In this study, we developed a miDruglikeness system including three subdivisional drug-likeness prediction models to deal with the abovementioned problems (
Figure 1). The in vivo ability, IND ability, and market approvability models were respectively built using graph neural networks (GNNs). To enhance the predictive ability of these models, we combined active learning with ensemble learning. The miDruglikeness system showed satisfying performance in internal test datasets and self-collected external test datasets. The performance of miDruglikeness in the virtual screening test was significantly better than QED and state-of-the-art protein-ligand scoring-based methods. Besides, we also employed Shapley Additive exPlanation (SHAP) [
17] to interpret these models and built a webserver of miDruglikeness for public usage.
4. Discussion
In this work, we first proposed and implemented three subdivisional models to individually predict the possibility of a compound entering the in vivo testing, clinical trials, and market approval stages. By making drug-likeness predictions in this subtle manner, we can predict the probability of a compound entering the next stage of drug discovery and development. Our testing results demonstrated the robustness and the generalization ability of miDruglikeness models. Although docking approaches based on target information are popular for virtual screening, their performance is inadequate. Our in vivo ability model showed a very good performance for virtual screening. Since in vivo ability model is target independent, it would serve as an orthogonal complementary to target-based virtual screening methods and is anticipated to considerably increase the success rate of virtual screening. Many researchers utilize QED as a filter in virtual screening. However, we discovered that our in vivo ability model worked far better than QED. Thus, we highly recommend that users can employ in vivo ability as a strong filter in their virtual screening campaigns.
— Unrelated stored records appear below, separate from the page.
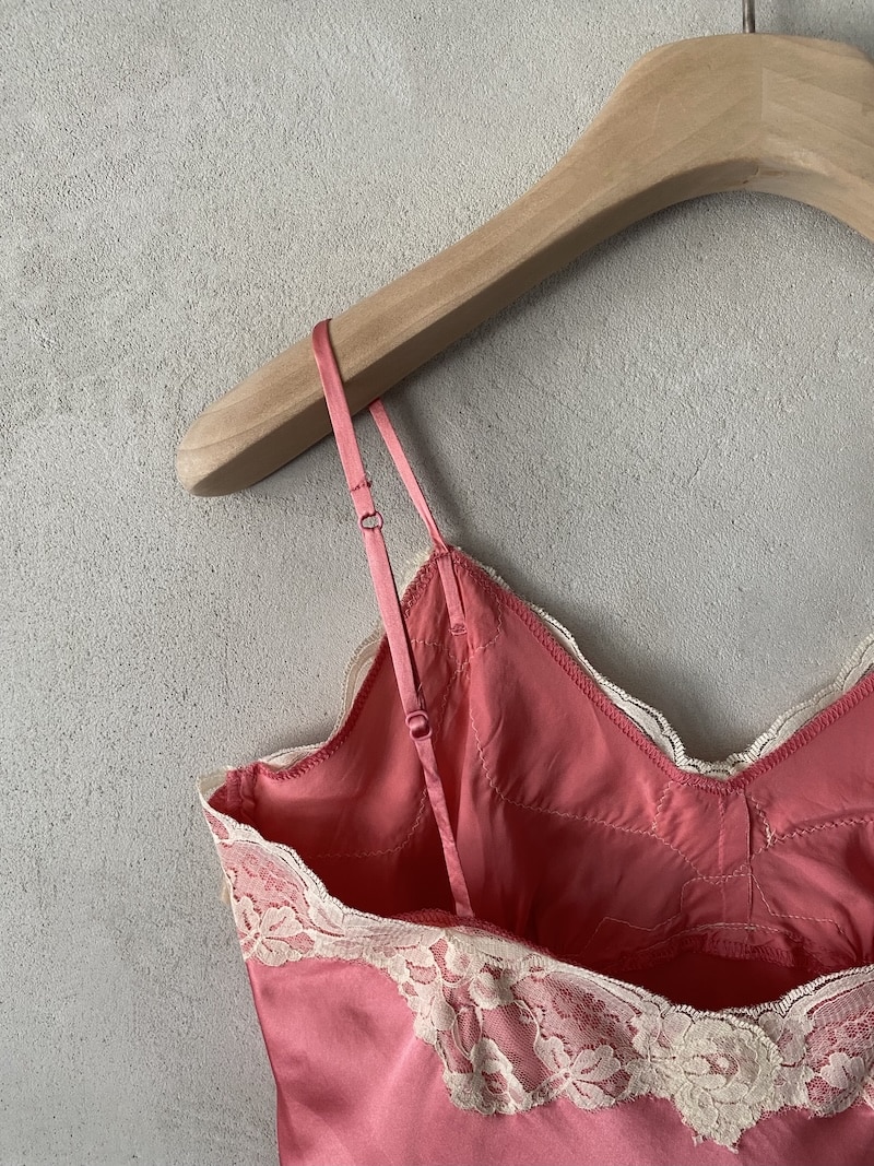 Top lingerie in raso con inserti in pizzo. Spalline sottili regolabili, scollo a V rifinito in pizzo floreale. Inserti in pizzo sul décolleté e sull’orlo. Linea morbida e femminile. Vestibilità regolare.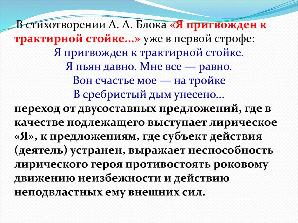 В стихотворении А. А. Блока «Я пригвожден ктрактирной стойке...» уже в первой строфе: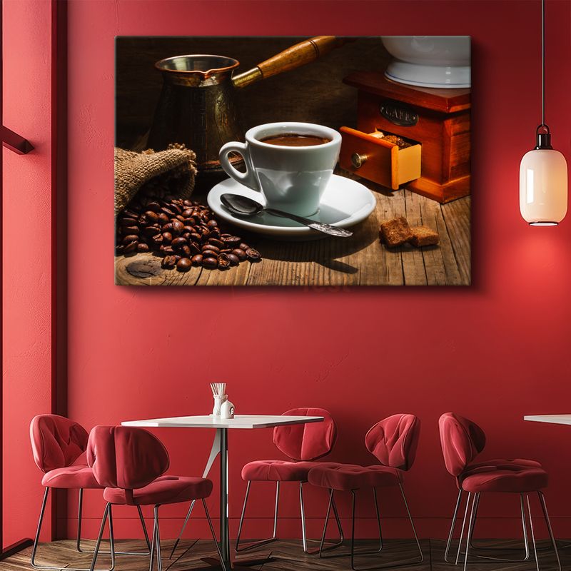 Geleneksel Kahve Keyfi - Fincan ve Değirmen Kanvas Tablo
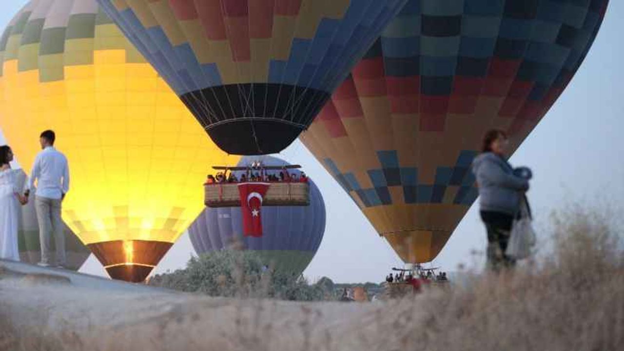 Nevşehir'in Göreme beldesinde, gün doğumundan önce uçuş için hazırlanan sıcak hava balonlarının sepetlerine, görevlilerce Türk bayrakları asıldı.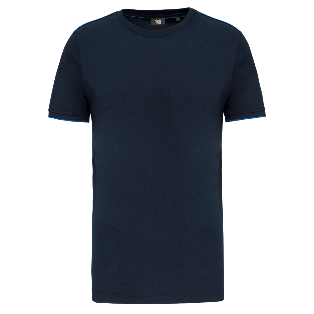 65% polyester / 35% katoen. Gekamd katoen jerseystof. Wasbaar op 60 °C. Anti-pluisbehandeling. Ronde hals met elasthan. Contrasterende bies aan binnenkant kraag en schouders. Mouwuiteinden in ribboord met contrasterend biesje. Afwerking met dubbel stiksel onderaan. Ideaal voor dagelijks gebruik.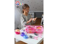 A great present for your little housewife is the toy kitchen set in a comfortable plate dryer. Bright colors will successfully catch children's attention and diversity of toys will cause real delight.

The miDruglikeness models are mainly based on the structural information of compounds. Nevertheless, drug approval is a complicated process that is also affected by biological and commercial factors. Thus, the IND ability prediction task and market approvability prediction are more challenging than in vivo ability prediction task. To further improve the predictive performance of the IND ability model and the market approvability model, additional information such as biological data from in vivo assays and clinical trials should also be considered.
We developed the active ensemble learning method for miDruglikeness models in this study. Additionally, active ensemble learning is a general strategy for machine learning models with uncertainty and can be used for a variety of different tasks, such as the prediction of bioactivities. Active ensemble learning can combinedly be used with other methods such as XGBoost and DNN. From
Figure S7, we also discovered that active learning could maintain data balance at a certain range in the data selection. It could be applied for scenarios when sampling imbalanced data.